On the sickness of our community
On the sickness of our community
Posted Oct 16, 2014 10:28 UTC (Thu) by Wol (subscriber, #4433)In reply to: On the sickness of our community by b3nt0box
Parent article: On the sickness of our community
NO NO NO.
My wife has Parkinson's. It upsets her perception of reality. That's basically a shortage of the nerve-signalling chemical dopamine, and it has well-recognised effects.
Testosterone makes people more aggressive, and presumably is very important both in that and in controlling peoples' response to aggression. Put two testosterone-fuelled people in a room and you probably won't get a fight, but the atmosphere will be very aggressive.
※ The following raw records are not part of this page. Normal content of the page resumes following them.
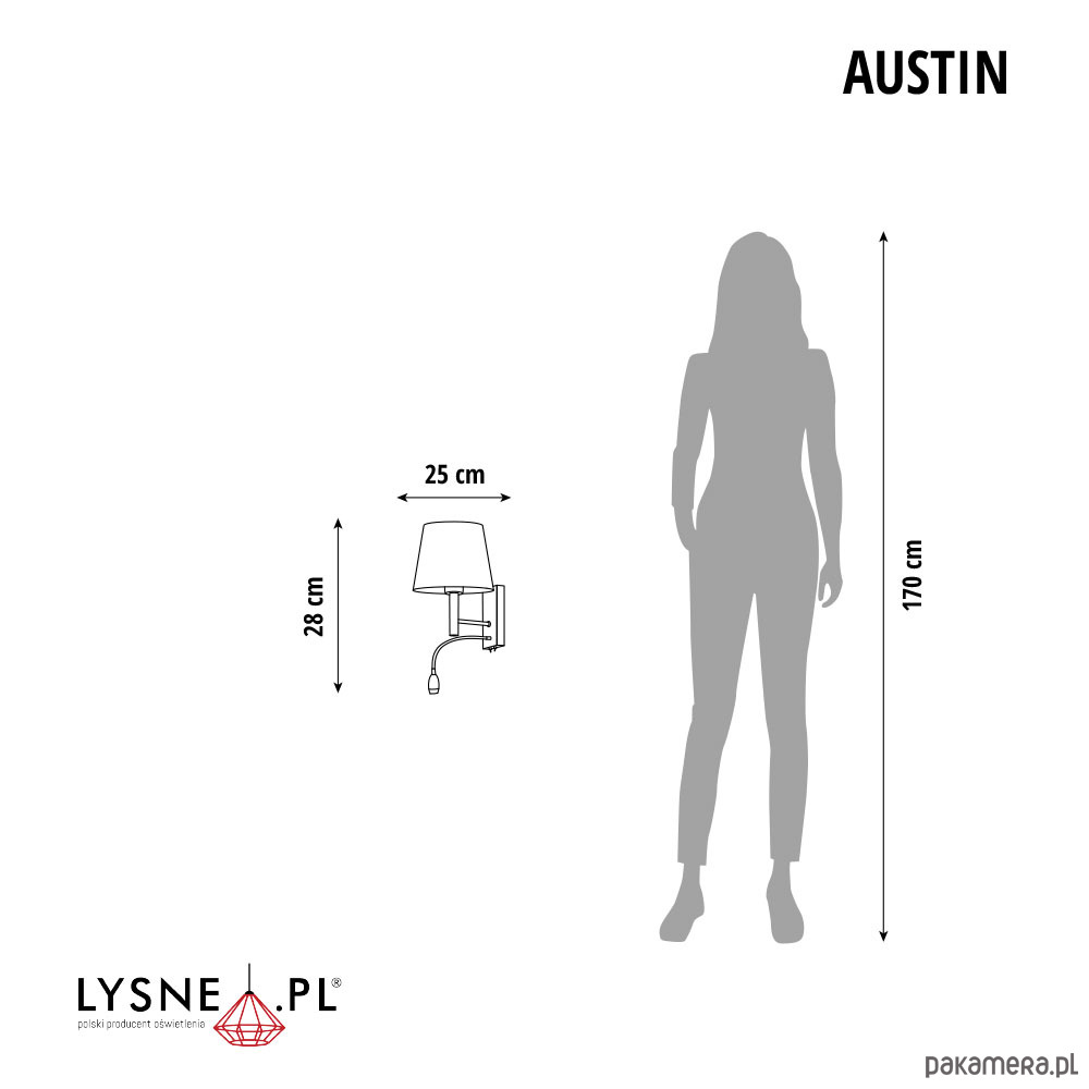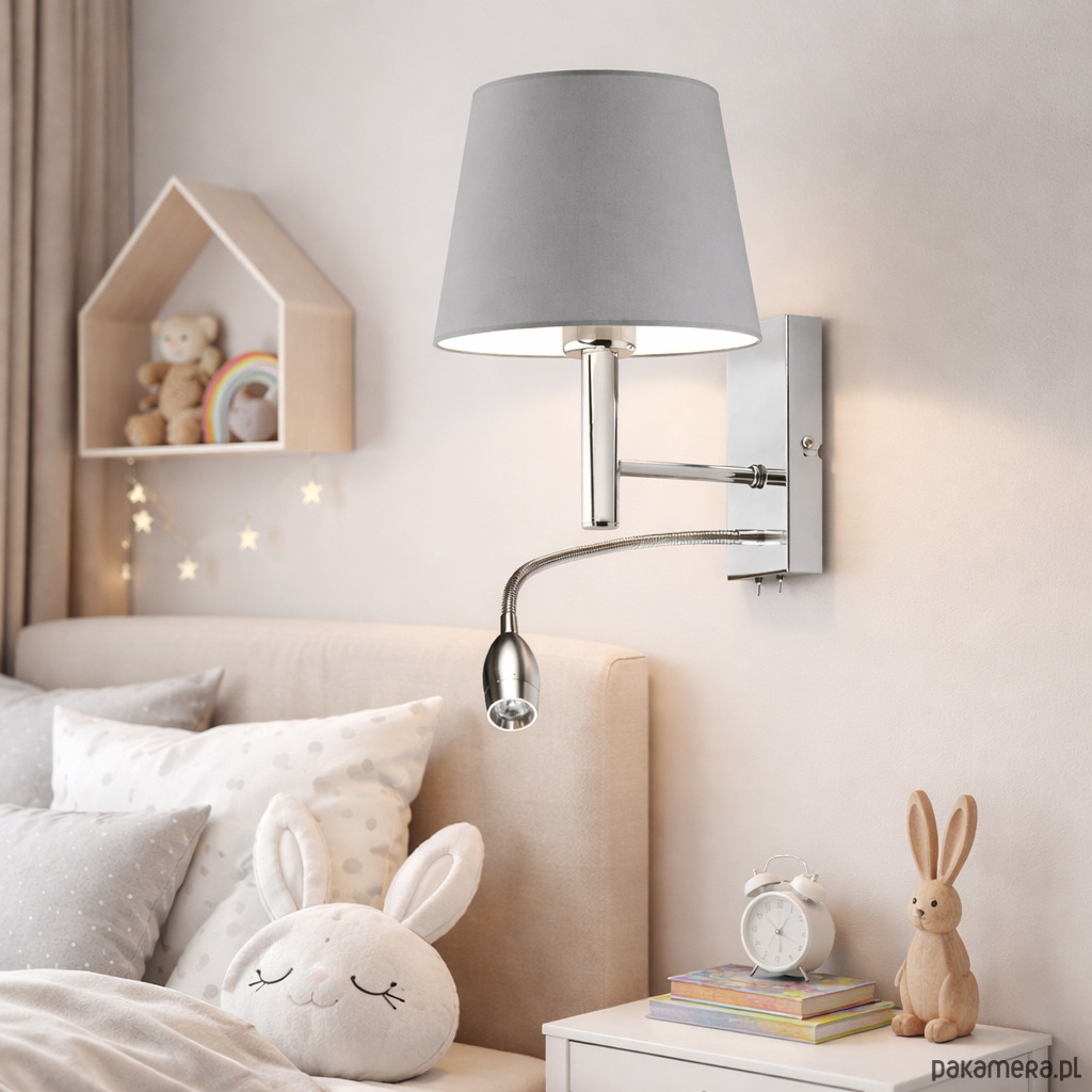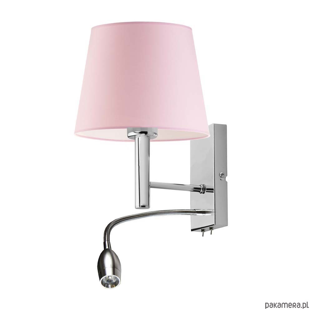 Kinkiet AUSTIN to niezwykłe połączenie funkcjonalności z rolą dekoracyjną. Stożkowa postać abażuru w połączeniu z pastelowymi barwami, świetnie współgra z dziecięcym wystrojem wnętrza. Należy także podkreślić, że lampa poza standardowym źródłem światła, wyposażona jest w panel LED, który dodatkowo można ustawić w wybranym przez siebie kierunku. Całokształt kinkietu idealnie harmonizować będzie ze znajdującymi się we wnętrzu akcesoriami i mebelkami dziecięcymi.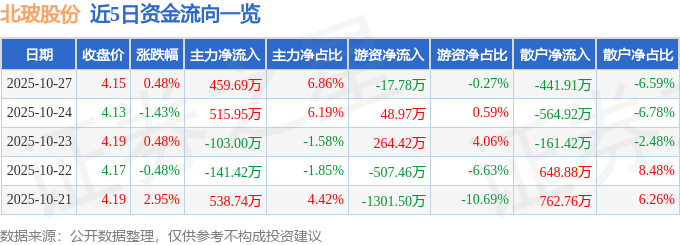 证券之星消息,截至2025年10月27日收盘,北玻股份(002613)报收于4.15元,上涨0.48%,换手率2.1%,成交量16.24万手,成交额6702.32万元。
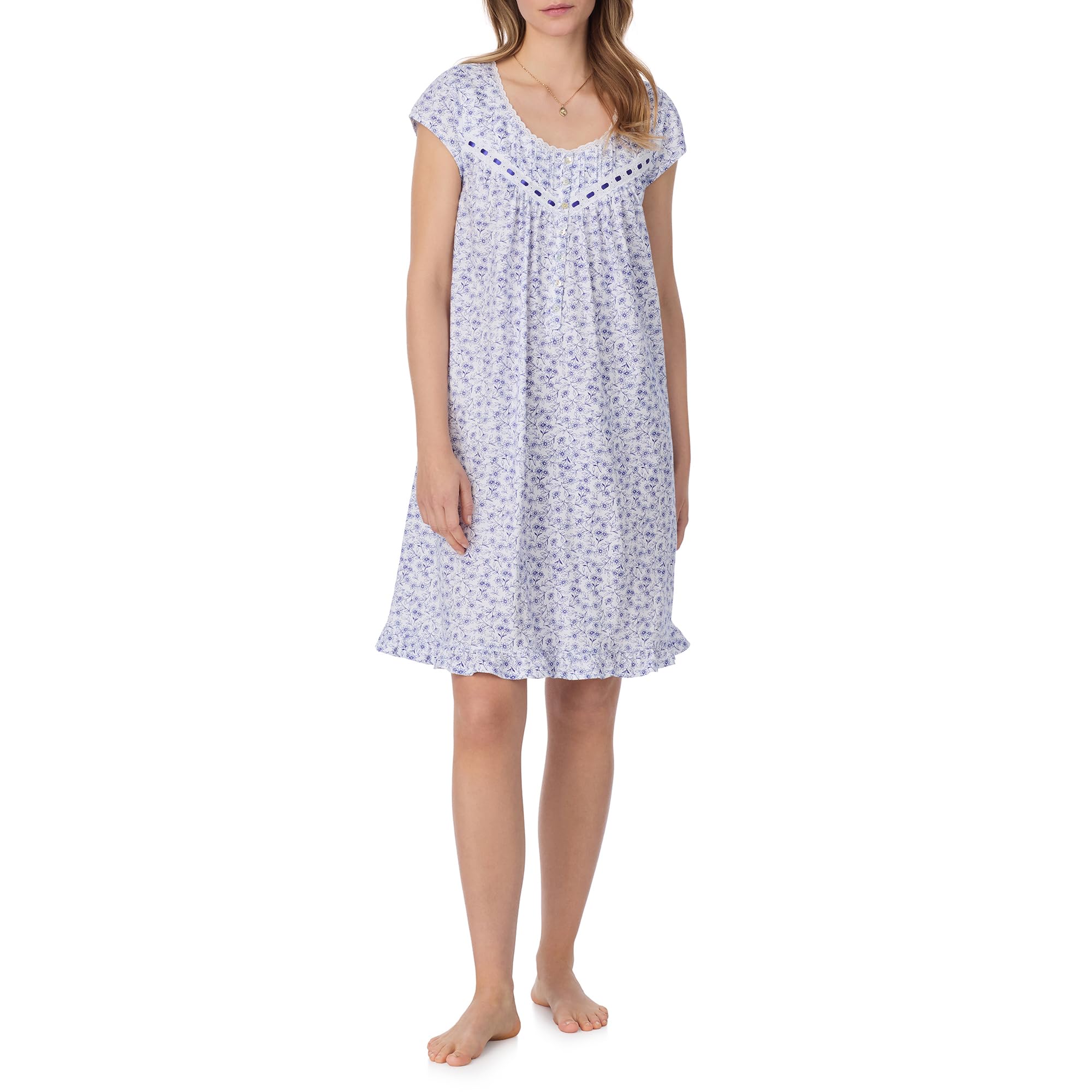ELEGANT DESIGN: A sleeveless, 36" short-length nightgown crafted in cotton jersey knit with a sweetheart neckline trimmed in pintucks and embroidered lace. The yoke features satin ribbon and delicate eyelet lace, finished with Akoya buttons and a baby ruffled hem for a sweet, romantic touch. PREMIUM FABRIC: Made from 100% cotton jersey knit, this style is soft, breathable, and gently stretchy. Lightweight yet cozy, the fabric offers a relaxed drape and seasonless comfort, perfect for warm nights or laid-back mornings. BEAUTIFULLY VERSATILE: Ideal as sleepwear, a house dress, or everyday loungewear, this short cotton nightgown features a full button-front placket for easy nursing access. A flattering and functional piece for new mothers or anyone seeking effortless style and year-round ease. COTTON JERSEY KNIT COLLECTION: Offering the perfect balance of cozy softness and breathable lightness, our Cotton Jersey Knit collection includes cap sleeve gowns, nightshirts, and pajama sets - all finished with signature lace details and relaxed silhouettes ideal for lounging or sleep. SINCE 1978: Eileen West has been devoted to the art of sleepwear - creating garments born from grace, comfort, and timeless beauty. Inspired by California’s coastal light and wildflower fields, our designs are crafted in natural fabrics with delicate details and feminine silhouettes. Made for life’s quietest moments - rocking newborns to sleep, writing letters at dusk, or lingering over morning coffee - each piece reflects our enduring love for craftsmanship and romance. Discover the art of softness and grace with the Cotton Jersey Knit Collection by Eileen West - a delicate sleepwear line inspired by the tranquility of nature’s quietest moments. Crafted in 100% cotton, each gown features a whisper-light texture and elegant drape, offering a breathable, airy feel that gently moves with the body. Flowing silhouettes, refined pintucks, and subtle lace accents come together to create sleepwear that feels as poetic as its name suggests. Designed for those who savor stillness, reflection, and beauty in the everyday, these pieces transform even the smallest routines into rituals of comfort and calm. Eileen West sleepwear reflects timeless femininity through pieces that combine classic elegance with wearable ease. This collection includes flowing cotton nightgowns and refined silhouettes ideal for warm-weather comfort and year-round relaxation. Blending vintage inspiration with modern simplicity, these nightgowns are perfect for those seeking breathable cotton sleepwear, soft loungewear, or a luxurious alternative to traditional pj sets. The lightness of the fabric, combined with romantic detailing, offers a feeling of quiet luxury - ideal for sleep, lounging, or slow weekend mornings. Perfect gift giving idea for those who love comfort and feminine details. Since 1978, Eileen West has been dedicated to creating sleep and loungewear that balances beauty with comfort. The Jersey Knit Collection continues that legacy - celebrating the art of rest with pieces that feel as serene as the moments they’re made for.

I don't know enough about oestrogen to make the equivalent comment but gender differences are very important. I suspect if you did a profiling exercise, you'd actually find are far better match of the passive/aggressive spectrum with testosterone levels than with gender, but then you find a fairly close match with testosterone levels and gender.
You can't say "individual differences are more important than gender" when gender provides a massive bias to those individual differences. You're almost certainly right to claim that gender is not a DIRECT influence, but it has a very strong second-level influence.
Which is why Lennart could shrug it all off - he's probably high testosterone. Kathy couldn't - and she could well have had less testosterone than the average female. (Which is why some - high testosterone - women don't have any difficulty coping.)
(And it wouldn't surprise me if many of these assholes are beta or gamma males - they're high-testosterone in the company of an even-higher testosterone individual.)